■ EXERCISE BRIEF: Nothing but the lines below from the one holding "Elegantes zapatos de" up to and including the one holding "Englewood Classical Trelliage" should be copied, exactly and without pictures.

■ WORKING DATA:
+++
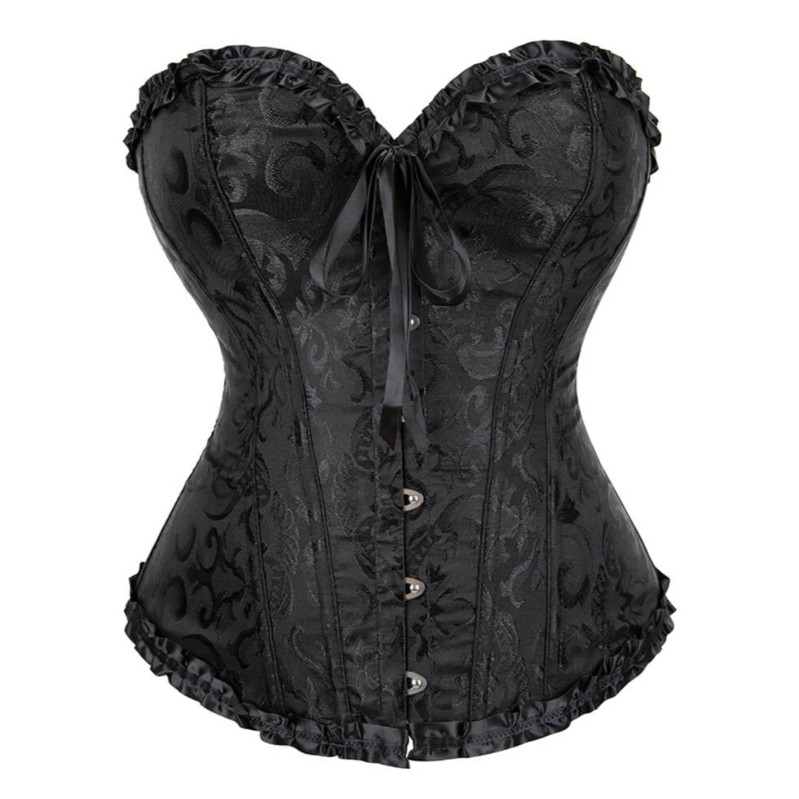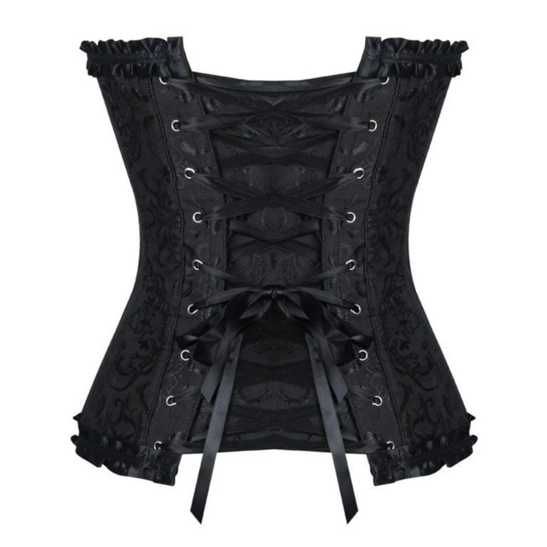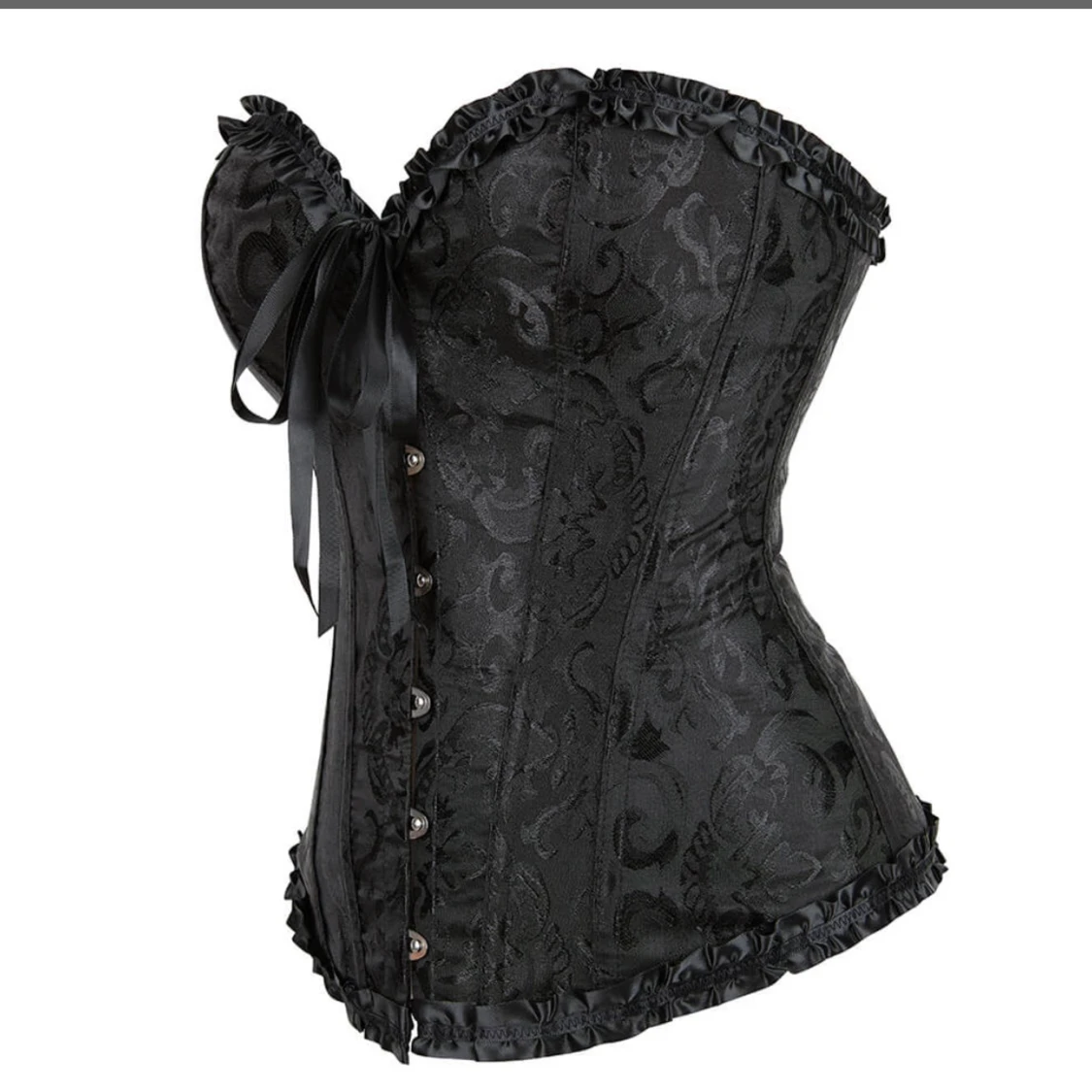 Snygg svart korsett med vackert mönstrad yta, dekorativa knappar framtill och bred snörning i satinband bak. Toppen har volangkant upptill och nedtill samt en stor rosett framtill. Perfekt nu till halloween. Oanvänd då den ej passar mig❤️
+++
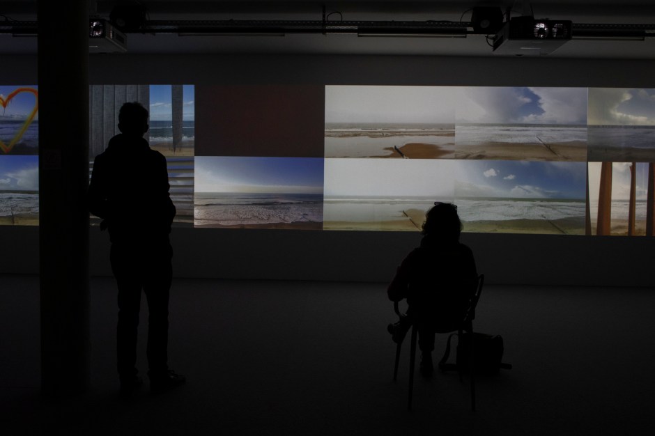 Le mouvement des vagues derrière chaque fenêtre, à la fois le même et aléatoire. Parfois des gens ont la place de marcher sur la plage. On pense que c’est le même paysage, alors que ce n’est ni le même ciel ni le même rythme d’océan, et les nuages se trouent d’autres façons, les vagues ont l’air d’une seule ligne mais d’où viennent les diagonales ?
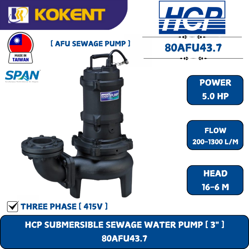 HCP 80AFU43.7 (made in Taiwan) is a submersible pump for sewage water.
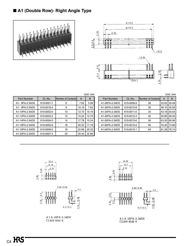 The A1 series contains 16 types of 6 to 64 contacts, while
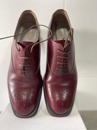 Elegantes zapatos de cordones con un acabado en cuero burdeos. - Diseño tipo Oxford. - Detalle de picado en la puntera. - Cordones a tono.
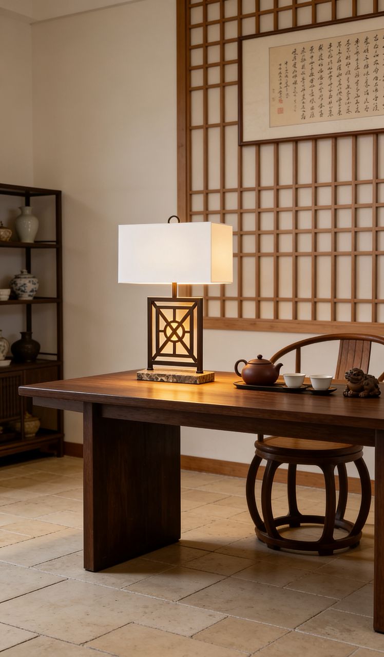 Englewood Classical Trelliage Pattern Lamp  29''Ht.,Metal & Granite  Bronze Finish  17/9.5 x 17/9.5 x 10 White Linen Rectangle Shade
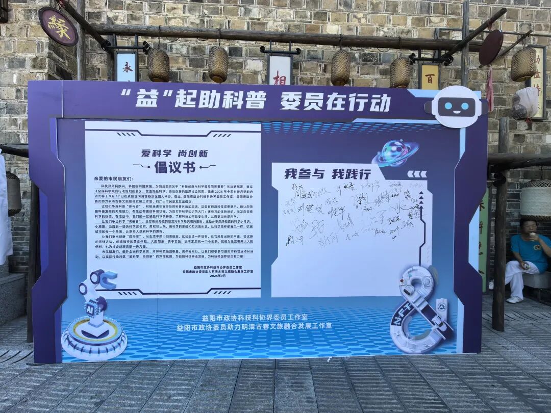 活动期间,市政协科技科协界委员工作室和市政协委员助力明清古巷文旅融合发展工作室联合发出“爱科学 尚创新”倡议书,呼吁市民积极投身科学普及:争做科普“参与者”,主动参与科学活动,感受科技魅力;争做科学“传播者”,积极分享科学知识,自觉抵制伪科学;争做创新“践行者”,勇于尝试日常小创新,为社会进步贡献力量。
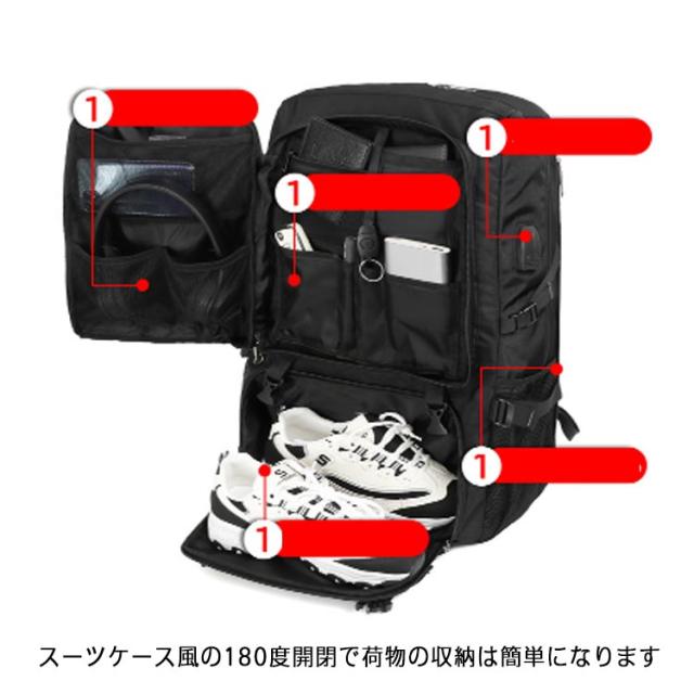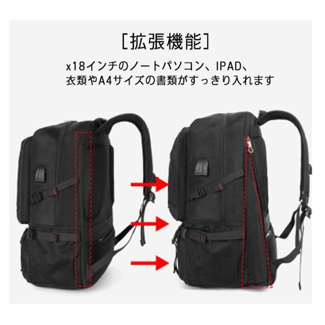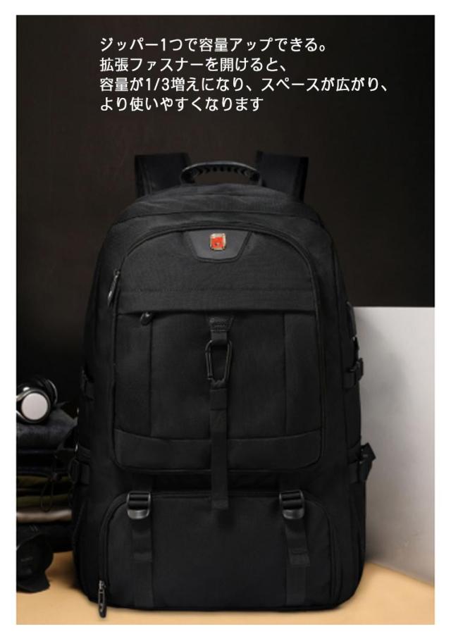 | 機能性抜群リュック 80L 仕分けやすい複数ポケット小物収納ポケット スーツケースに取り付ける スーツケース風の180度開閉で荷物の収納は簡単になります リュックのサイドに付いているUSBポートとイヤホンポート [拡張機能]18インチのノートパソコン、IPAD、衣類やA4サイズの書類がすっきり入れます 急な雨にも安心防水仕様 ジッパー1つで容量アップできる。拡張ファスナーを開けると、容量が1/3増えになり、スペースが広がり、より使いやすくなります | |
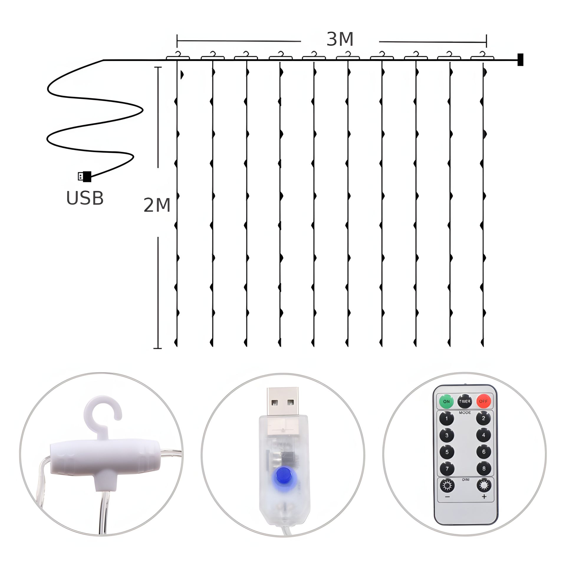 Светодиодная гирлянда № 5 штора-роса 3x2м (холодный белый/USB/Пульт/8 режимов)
+++
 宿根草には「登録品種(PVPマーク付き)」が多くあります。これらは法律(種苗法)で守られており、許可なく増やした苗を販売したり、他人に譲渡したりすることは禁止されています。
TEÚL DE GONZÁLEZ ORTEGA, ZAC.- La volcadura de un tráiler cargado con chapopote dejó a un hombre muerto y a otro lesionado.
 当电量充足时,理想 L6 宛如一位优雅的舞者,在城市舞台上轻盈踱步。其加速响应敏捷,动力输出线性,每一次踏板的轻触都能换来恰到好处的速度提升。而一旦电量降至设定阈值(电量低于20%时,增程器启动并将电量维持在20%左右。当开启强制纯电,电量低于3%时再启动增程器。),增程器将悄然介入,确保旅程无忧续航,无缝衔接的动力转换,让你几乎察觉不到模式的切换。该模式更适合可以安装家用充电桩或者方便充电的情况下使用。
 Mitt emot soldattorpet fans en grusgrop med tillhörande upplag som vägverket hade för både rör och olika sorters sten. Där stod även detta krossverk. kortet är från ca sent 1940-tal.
+++
■ EXERCISE ANSWER:
 Elegantes zapatos de cordones con un acabado en cuero burdeos. - Diseño tipo Oxford. - Detalle de picado en la puntera. - Cordones a tono.
 Englewood Classical Trelliage Pattern Lamp  29''Ht.,Metal & Granite  Bronze Finish  17/9.5 x 17/9.5 x 10 White Linen Rectangle Shade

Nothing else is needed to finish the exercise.